Dr. Joshua Gordon takes it a step further. “We owe a lot of our success to PCO. They took a chance on my dad and he became a great success. My sister and I followed in his footsteps,” he said. “We sometimes don’t stop and reflect about how lucky we are and how unique of a situation that we’re in, but it’s awesome.”
Despite the pros and cons of being in a family business, the good aspects have come to the forefront for the Gordon family, who all live within 10 minutes of each other. The patriarch has been a father who’s a teacher, mentor, family man and a doting grandfather to five grandchildren, several of whom are still too young to have given any indication at this point that there will be a third generation of Gordon optometrists.
“As an entrepreneur my dad is tremendous, as a businessman he’s tremendous and his mind is constantly about business,” said Dr.

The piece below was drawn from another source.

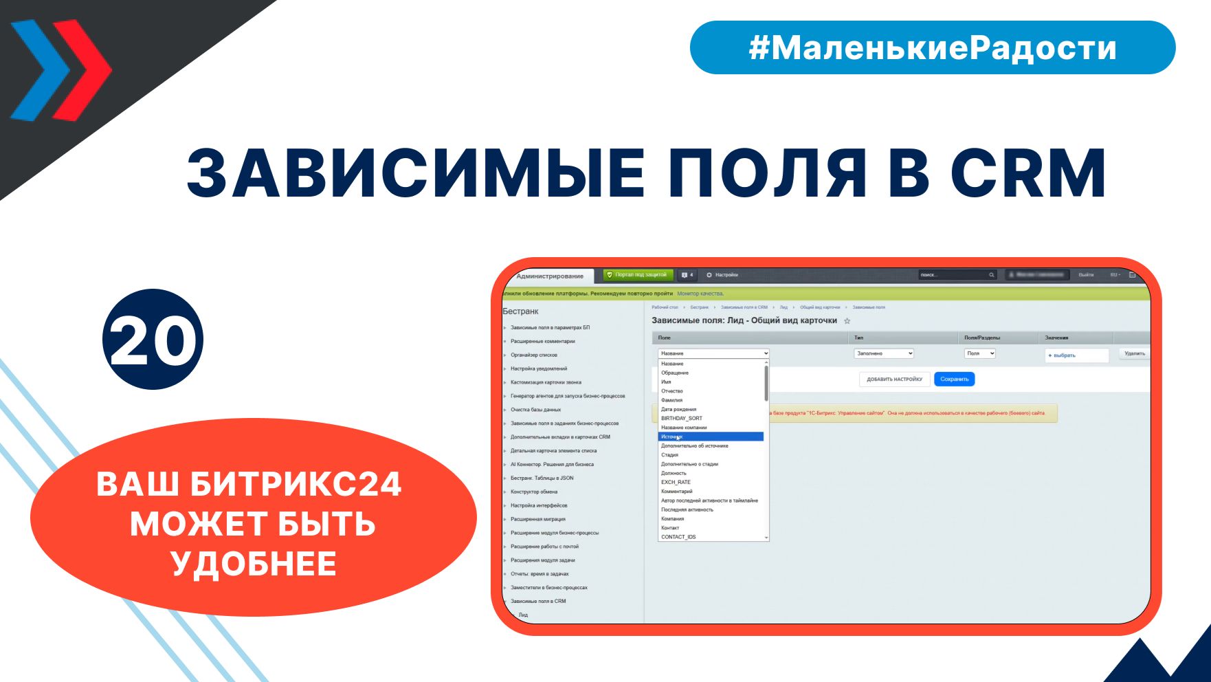 Зависимые поля в CRM - это модуль, который позволяет настраивать зависимости показа одних полей от заполненности/значения в других полях. Ненужные при определенных сценариях работы поля будут скрыты, и это делает работу с элементами CRM намного более удобной.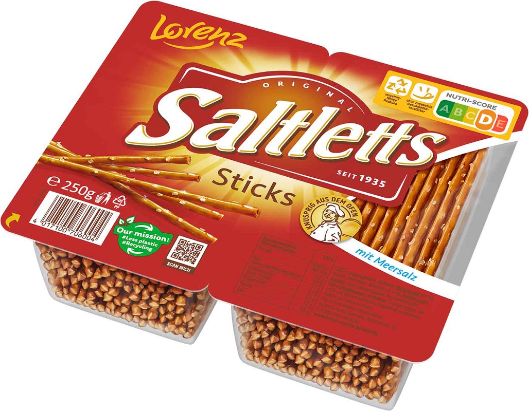 Lorenz Saltletts Sticks Classic 250g - 2 Frischepacks mit Laugengebäck Stangen mit Meeressalz

Cohen, who specializes in primary eye care, glaucoma co-management, contact lens and pediatrics. “Not that he can’t transition and spend time with the family, but he’s focused on the success of the business, not just for himself but for us and for our families. Everything he’s done to build Barenburg and the practice over the years has been so that we have a stable future.”
She added that the pride Dr. Mark Gordon has in his family makes him feel like he’s the luckiest man in the world to have both his children follow in his footsteps.
“They still seek my approval for most things, but not because they have to,” said Dr. Mark Gordon, who has a Lifetime Achievement Award from the Maryland Optometric Association (MOA). “My son runs his office; my daughter runs her office and they both go to other offices one day a week.”
Dr. Cohen and Dr. Joshua Gordon are partners in the business, but it’s the patriarch who is still the biggest dog on the porch, majority owner and the company’s CEO.
“I am the luckiest guy in the world,” said Dr. Mark Gordon. “It’s a very close family. We have the best of all worlds.”